Люди считают, что деньги приносят счастье, черт возьми, как же они ошибаются. Никто ведь не берет в расчёт возраст, взросление без матерей, и одиночество, окружавшее нас день за днем. Детям не нужны деньги и подарки, новой игрушки хватает часов на 5, может на сутки, - детям нужна любовь. Мы были брошенными, мы были никому не нужными. Цепляясь друг за друга, мы отчаянно нуждались в ласке, заботе и сказках на ночь.
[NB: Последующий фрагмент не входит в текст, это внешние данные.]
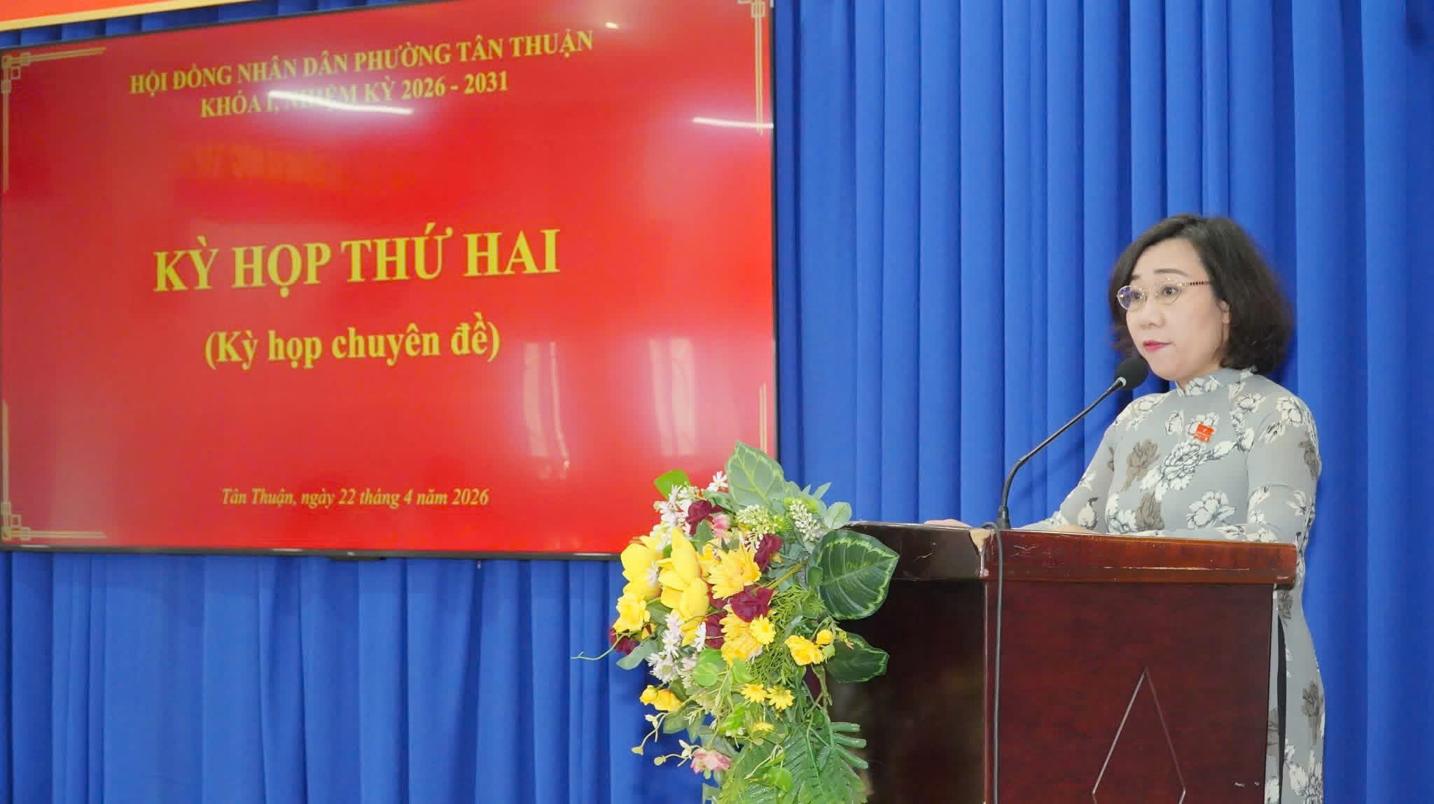 Chiều ngày 22 tháng 4 năm 2026, Hội đồng nhân dân (HĐND) phường Tân Thuận tổ chức kỳ họp thứ hai (kỳ họp chuyên đề) nhằm quyết định kế hoạch phát triển kinh tế - xã hội giai đoạn 2026 - 2030 và ban hành quy chế làm việc của HĐND phường nhiệm kỳ 2026 - 2031. Đây là kỳ họp đầu tiên HĐND phường khóa I thực hiện điều hành qua ứng dụng phần mềm kỳ họp.

Жизнь в особняке поломала каждого юного Моранте и не говорите мне, что это не так. Хелена, так отчаянно нуждающаяся в любви родителей, потерявшая мать, делала все, чтобы получить любовь отца: никогда не перечила, всегда следовала его правилам, никогда не теряла «лица». Она до сих пор носит маску, не зная, какого это быть настоящей, я даже не уверена, что она действительно знает, кто такая она сама – Хелена Моранте.
Хостес замкнулся. Некогда веселый, что-то лепечущий ребенок в какой-то момент ушел в себя, а после навсегда замолчал, говоря только в крайнем случае. Отец привил ему дисциплину и Хостесу хватило ума и силы воли, чтобы свалить и проявить эти качества в лучшем виде на поприще своей работы, которой он посвятил жизнь. Кстати, сейчас он помолвлен, и я надеюсь, что все закончится свадьбой.
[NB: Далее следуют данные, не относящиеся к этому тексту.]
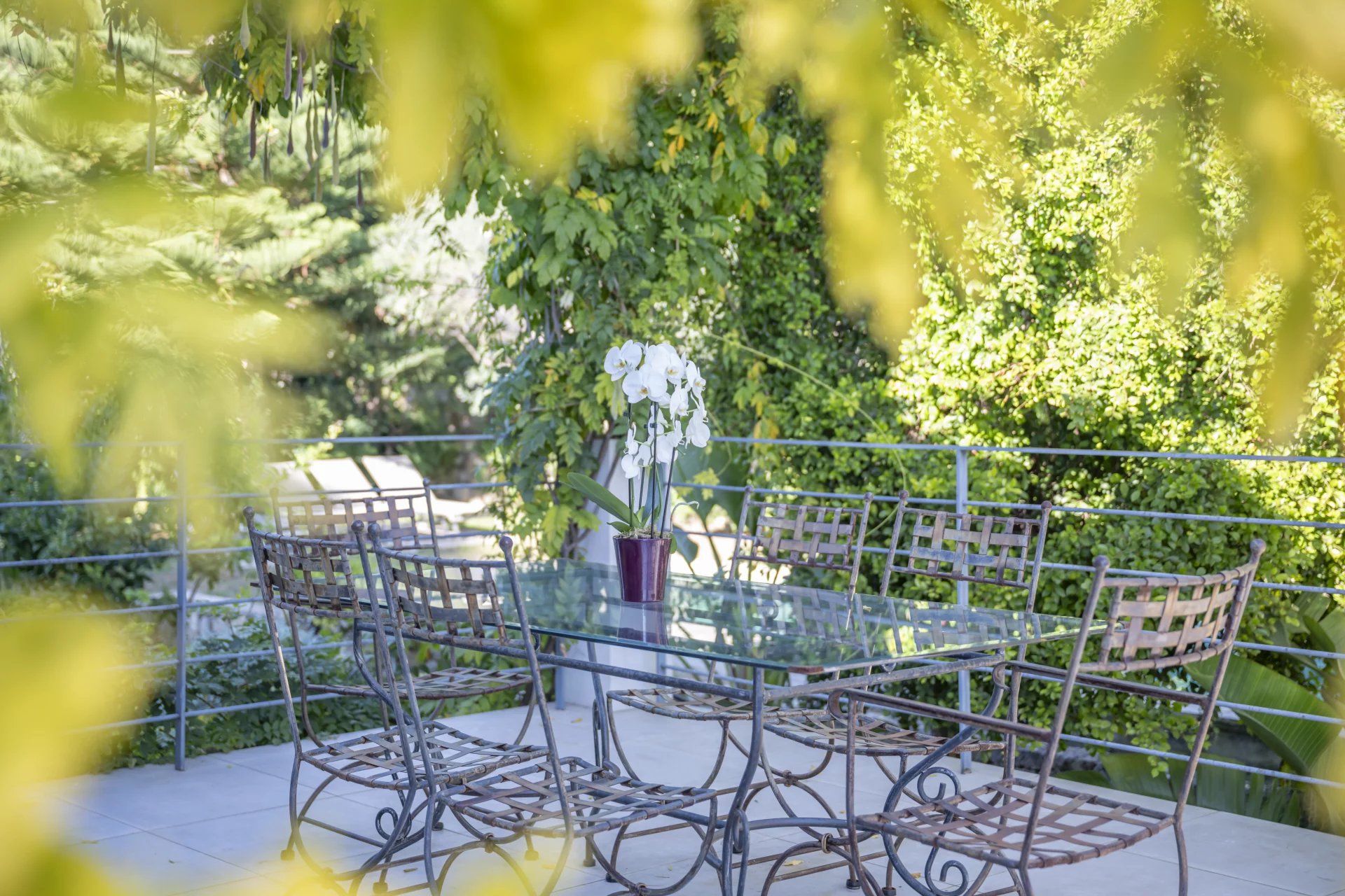 The upper floor is dedicated to the bedrooms, with three bedrooms and three bathrooms, including a spacious master suite with terrace, en-suite bathroom and study, as well as a second master bedroom with balcony.

Хоть у кого-то из нас должен быть свой happy end, не так ли?
А еще есть Рик. Приемный сын из трущоб, которого отец, наверно, действительно любил. Ричард его лучшее творение: он взял сломленного мальчика и подарил ему «лучшую» жизнь, забыв при этом сказать, что, подпись членства в семейку Моранте, это как продажа души дьяволу. Рано или поздно ты черствеешь, потом становишься циником, а после, деньги и власть выедают все человеческое, что в тебе было. Наверно, так и произошло с отцом. Я даже не помню, чтобы он особо страдал от ухода бывших жен. И не важно, был ли это развод или смерть, он просто продолжал читать утреннюю газету за завтраком, как будто узнал, что сегодня будет дождливая погода, когда рассчитывал на солнышко: «Что? Умерла? М-м-м-м печально».
О да, в этом был весь Чарльз Моранте.
Я никогда не жалела, что уехала из Чикаго, уехала из гнезда Моранте, лишилась денег отца и его участия в моем будущем. Я жалела лишь о том, что при этом лишилась самого главного, что было в моей жизни – Рика. Первое время я думала о нем постоянно, проливая слезы в подушку койки в академии, затем, реже, когда заканчивала обучение и двигалась дальше, а после, только когда видела где-то то, что напоминало о нем. Ну, знаете, эти вьетнамские флэшбэки, когда кто-то протягивает тебе чашку кофе и ты вдруг понимаешь, что точно так же тебе протягивал ее Рик рано утром на кухне особняка, когда мы были только одни. А после, мы обжимались на этой самой кухне, и он оставлял поцелуи на моей шее, а я, сгорая от возбуждения, смеялась и говорила, что нас могут заметить.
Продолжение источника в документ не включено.